▸ What you are asked to do: From the line that contains "Journaling vector illustration." through the last line of the data, copy everything exactly and nothing else, omitting the pictures.

▸ Data shown:
== Segment start ==
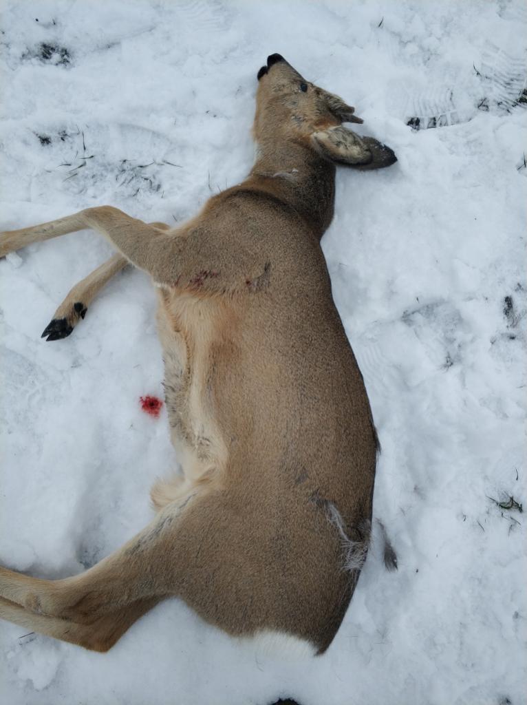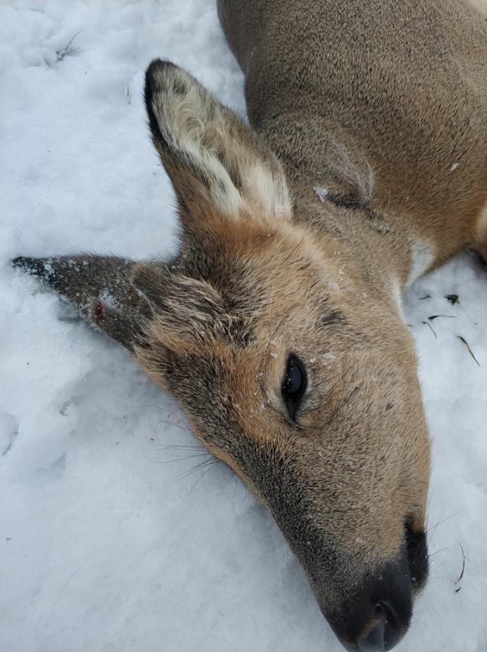 иду по кровавому следу, ко мне выбегает пес другого загонщика и уходит по следу...3минуты и лай, бегу подранок сидит на заднице и делает выпады на собаку, собака опытная, работает аккуратно, выстрел . Готов!!!
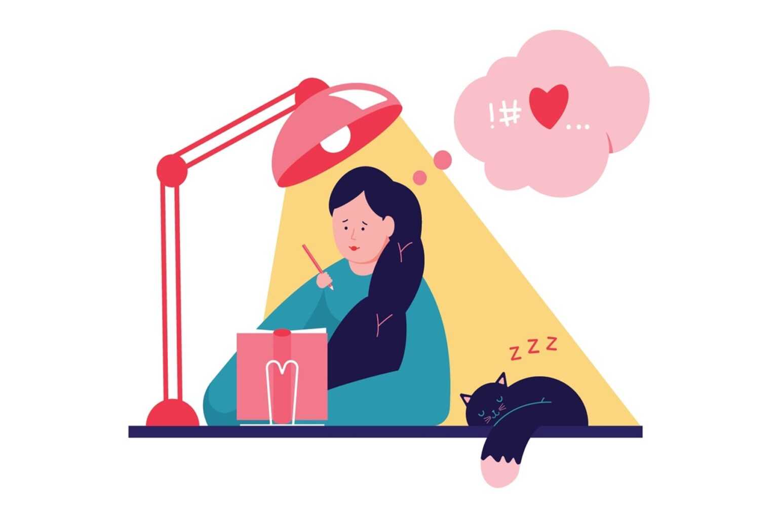 Journaling vector illustration. Writing daily diary flat tiny persons concept. Self expression in text note as psychological trauma therapy or treatment. Style of communication as stress reliever.
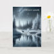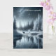 En serenvinter-natt visas med en hjort som står vid en reflekterande flod omgiven av snö-täckt träd för allmän sympati. Text kan redigeras.
== Segment end ==
▸ Task solution:
 Journaling vector illustration. Writing daily diary flat tiny persons concept. Self expression in text note as psychological trauma therapy or treatment. Style of communication as stress reliever.
 En serenvinter-natt visas med en hjort som står vid en reflekterande flod omgiven av snö-täckt träd för allmän sympati. Text kan redigeras.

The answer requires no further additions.